> _TASK PROMPT_:
Print the listing below exactly, minus its pictures.

> _DATA EXTRACT_:

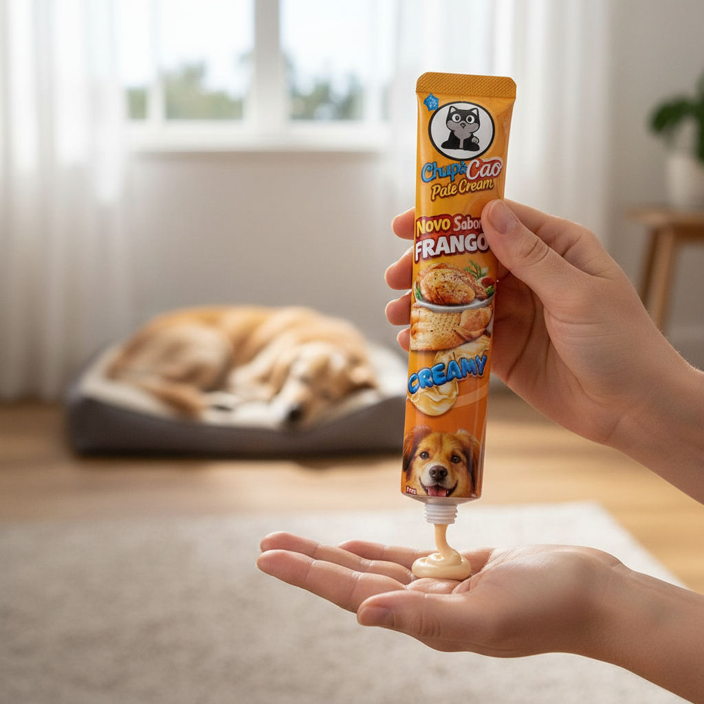 Kit 4 ChupsCao Pate Cream Suplemento Para Cão Sabores Patos, Carne, Cordeiro e Frango
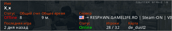 Играет на Counter Strike 1.6 сервере. Страна: СШАПервый раз замечен 18:50 08.02.2026
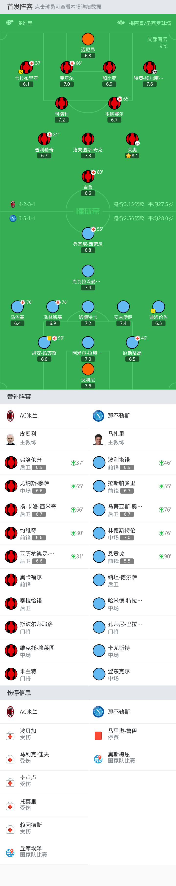 替换下场:90'5-胡安-热苏斯, 76'20-泽林斯基, 55'18-乔瓦尼-西蒙尼, 76'30-马佐基, 46'55-厄斯蒂高
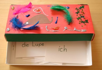 Im 1. Schuljahr geht es zunächst darum, Wörter zu sammeln. Das Buch Buch "Frederik" von Leo Lionni bietet einen guten Einstieg, sammelt Frederik doch auch Wörter. Die Kinder sammeln "Lieblingswörter" aus ihren eigenen Texten, schreiben sie auf Kärtchen und legen sie - korrigiert - in das sogenannte "Wörterschatzkästchen" (s. Foto oben).
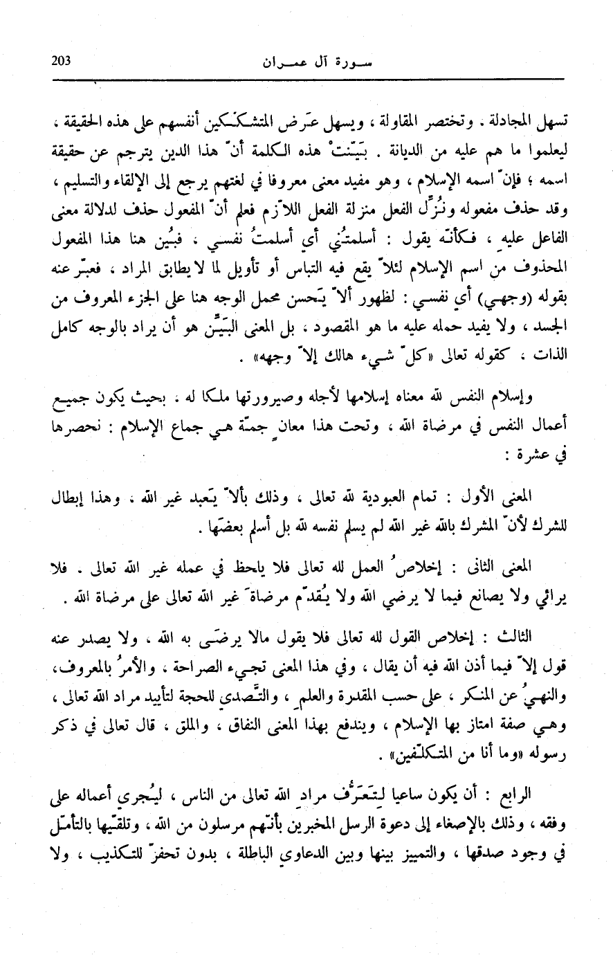 وَإِسْلَامُ النَّفْسِ لِلَّهِ مَعْنَاهُ إِسْلَامُهَا لِأَجْلِهِ وَصَيْرُورَتُهَا مِلْكًا لَهُ، بِحَيْثُ يَكُونُ جَمِيعُ أَعْمَالِ النَّفْسِ فِي مَرْضَاةِ اللَّهِ، وَتَحْتَ هَذَا مَعَانٍ جَمَّةٌ هِيَ جِمَاعُ الْإِسْلَامِ: نَحْصُرُهَا فِي عَشَرَةٍ:
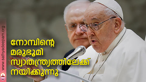 മരുഭൂമിയിലൂടെ ദൈവം നമ്മെ സ്വാതന്ത്ര്യത്തിലേക്ക് നയിക്കുന്നു. നോമ്പ് മരുഭൂമി പോലെയാണ്. നോമ്പുകാലം അടിമത്തത്തില് നിന്ന് ആത്മീയ നവീകരണത്തിലേക്ക്, സ്വാതന്ത്ര്യത്തിലേക്ക് ഉള്ള ഒരു പ്രയാണമാണ്. ദൈവം നമുക്ക് സ്വയം വെളിപ്പെടുത്തുമ്പോഴെല്ലാം അവിടുത്തെ സന്ദേശം സ്വാതന്ത്ര്യത്തിന്റേതാണ്. എന്നാല് ഇത് നമ്മുടെ പ്രയത്നം ആവശ്യപ്പെടുന്ന ഒരു പ്രക്രിയ കൂടിയാണ്. മരുഭൂമി പോലുള്ള ജീവിതത്തിലൂടെ നാം അലഞ്ഞു തിരിയുകയും വാഗ്ദത്ത ഭൂമി പോലെയുള്ള നമ്മുടെ ലക്ഷ്യസ്ഥാനം കാണാതിരിക്കുകയും ചെയ്യുന്നത് ദുഷ്കരമാണ്. ആ മരുഭൂമിയില് നമ്മുടെ സ്വാതന്ത്ര്യം പാകതയാര്ജിക്കുന്നു. നീതിക്കു നാം പുതിയ മാനദണ്ഡങ്ങള് കണ്ടെത്തുന്നു.
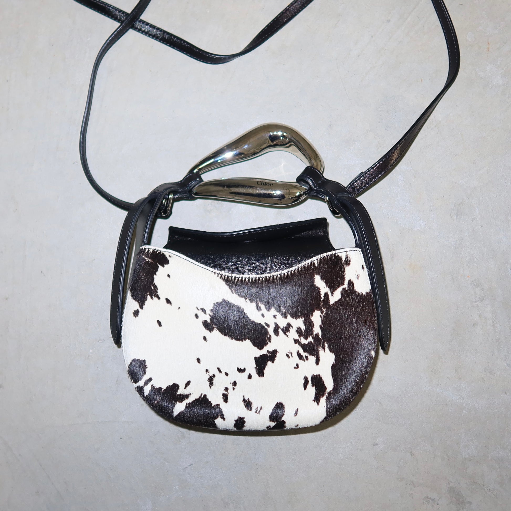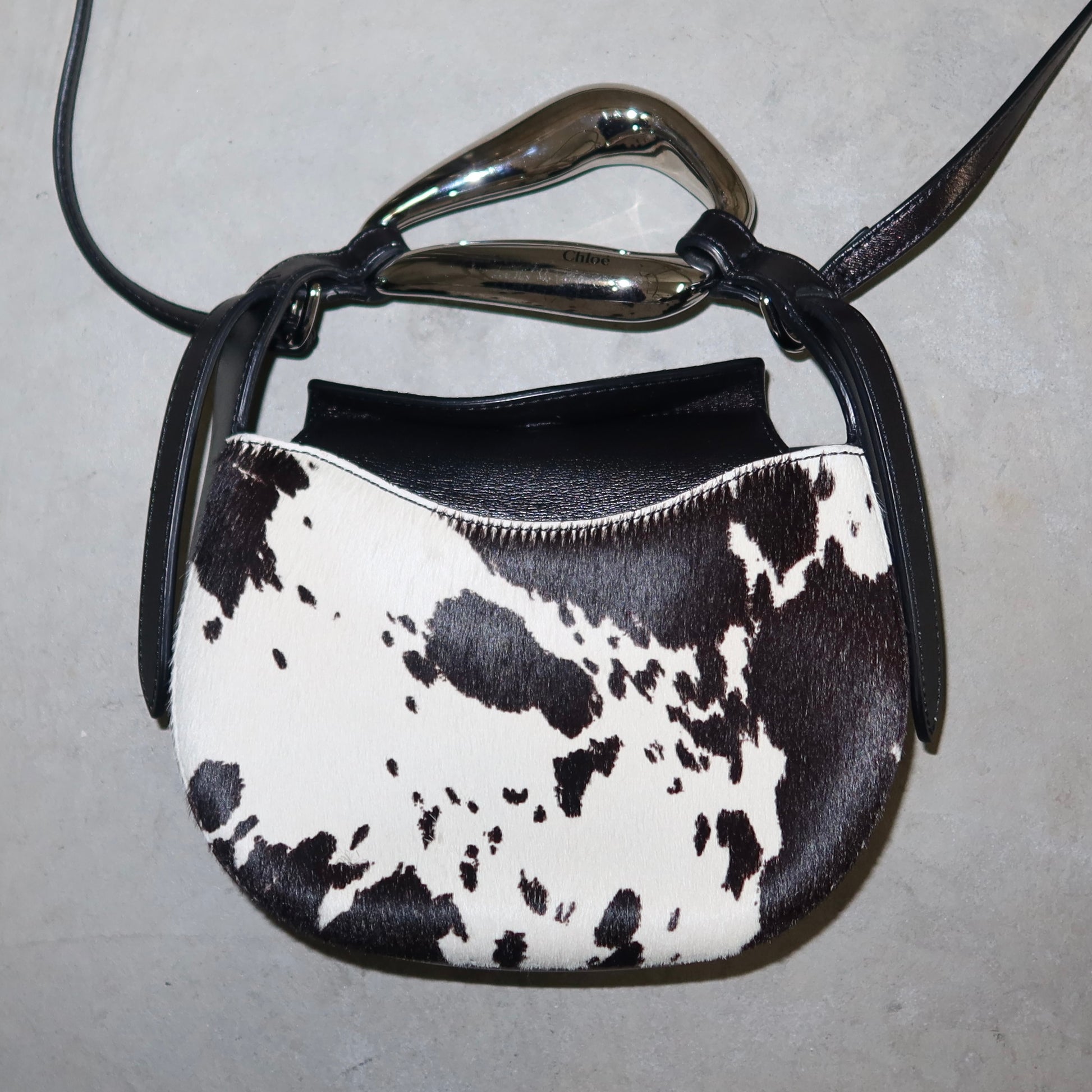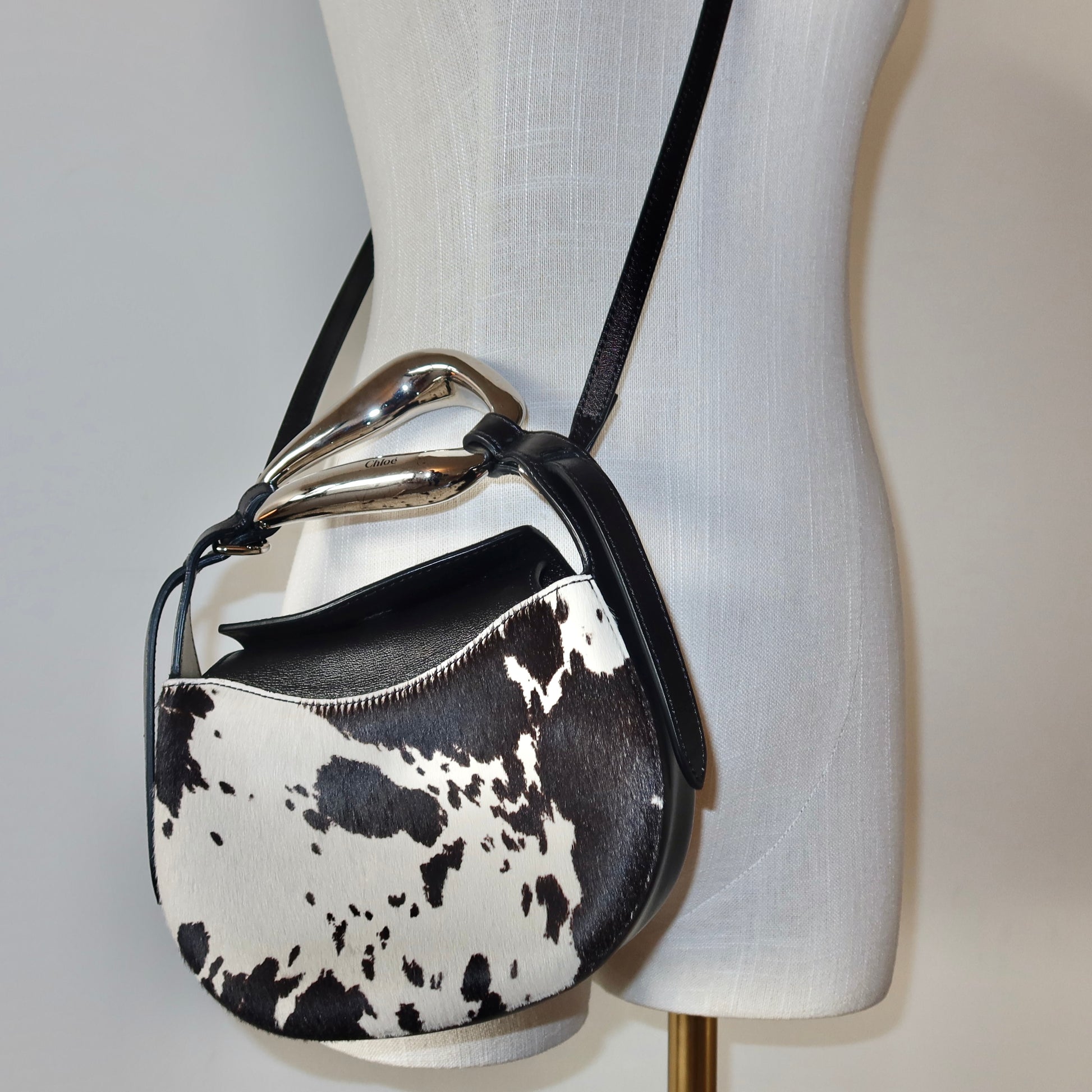 Gorgeous Chloé small Kiss bag from 2021. Black and white cowhide with abstract silver ring handle and longer strap to wear across the body.
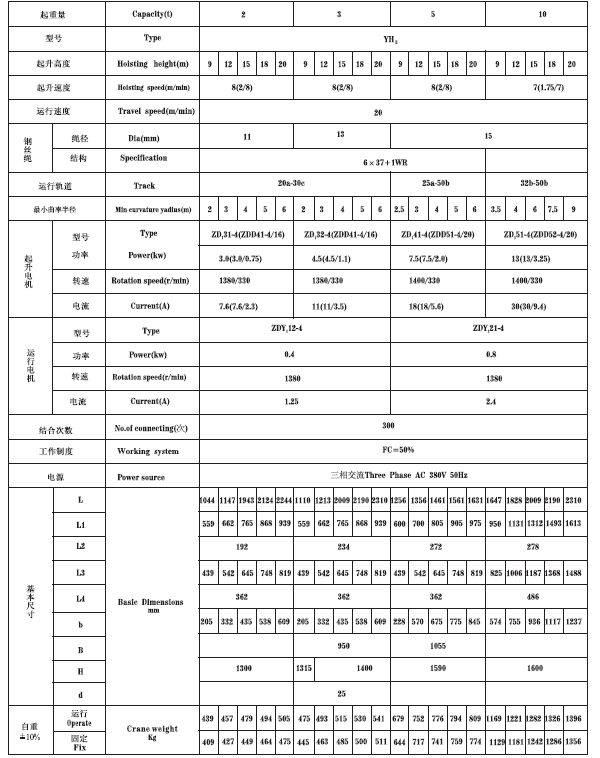 1、 YH系列冶金電動葫蘆主要用于吊運(yùn)熔融金屬的冶金起重機(jī)設(shè)備,其起重量ㄑ20m,工作環(huán)境溫度為-10℃-60℃,在40℃的環(huán)境溫度下,相對濕度不大于50%。

> _SOLUTION FOR THIS TASK_:
 Kit 4 ChupsCao Pate Cream Suplemento Para Cão Sabores Patos, Carne, Cordeiro e Frango
 Играет на Counter Strike 1.6 сервере. Страна: СШАПервый раз замечен 18:50 08.02.2026
 替换下场:90'5-胡安-热苏斯, 76'20-泽林斯基, 55'18-乔瓦尼-西蒙尼, 76'30-马佐基, 46'55-厄斯蒂高
 Im 1. Schuljahr geht es zunächst darum, Wörter zu sammeln. Das Buch Buch "Frederik" von Leo Lionni bietet einen guten Einstieg, sammelt Frederik doch auch Wörter. Die Kinder sammeln "Lieblingswörter" aus ihren eigenen Texten, schreiben sie auf Kärtchen und legen sie - korrigiert - in das sogenannte "Wörterschatzkästchen" (s. Foto oben).
 وَإِسْلَامُ النَّفْسِ لِلَّهِ مَعْنَاهُ إِسْلَامُهَا لِأَجْلِهِ وَصَيْرُورَتُهَا مِلْكًا لَهُ، بِحَيْثُ يَكُونُ جَمِيعُ أَعْمَالِ النَّفْسِ فِي مَرْضَاةِ اللَّهِ، وَتَحْتَ هَذَا مَعَانٍ جَمَّةٌ هِيَ جِمَاعُ الْإِسْلَامِ: نَحْصُرُهَا فِي عَشَرَةٍ:
 മരുഭൂമിയിലൂടെ ദൈവം നമ്മെ സ്വാതന്ത്ര്യത്തിലേക്ക് നയിക്കുന്നു. നോമ്പ് മരുഭൂമി പോലെയാണ്. നോമ്പുകാലം അടിമത്തത്തില് നിന്ന് ആത്മീയ നവീകരണത്തിലേക്ക്, സ്വാതന്ത്ര്യത്തിലേക്ക് ഉള്ള ഒരു പ്രയാണമാണ്. ദൈവം നമുക്ക് സ്വയം വെളിപ്പെടുത്തുമ്പോഴെല്ലാം അവിടുത്തെ സന്ദേശം സ്വാതന്ത്ര്യത്തിന്റേതാണ്. എന്നാല് ഇത് നമ്മുടെ പ്രയത്നം ആവശ്യപ്പെടുന്ന ഒരു പ്രക്രിയ കൂടിയാണ്. മരുഭൂമി പോലുള്ള ജീവിതത്തിലൂടെ നാം അലഞ്ഞു തിരിയുകയും വാഗ്ദത്ത ഭൂമി പോലെയുള്ള നമ്മുടെ ലക്ഷ്യസ്ഥാനം കാണാതിരിക്കുകയും ചെയ്യുന്നത് ദുഷ്കരമാണ്. ആ മരുഭൂമിയില് നമ്മുടെ സ്വാതന്ത്ര്യം പാകതയാര്ജിക്കുന്നു. നീതിക്കു നാം പുതിയ മാനദണ്ഡങ്ങള് കണ്ടെത്തുന്നു.
 Gorgeous Chloé small Kiss bag from 2021. Black and white cowhide with abstract silver ring handle and longer strap to wear across the body.
 1、 YH系列冶金電動葫蘆主要用于吊運(yùn)熔融金屬的冶金起重機(jī)設(shè)備,其起重量ㄑ20m,工作環(huán)境溫度為-10℃-60℃,在40℃的環(huán)境溫度下,相對濕度不大于50%。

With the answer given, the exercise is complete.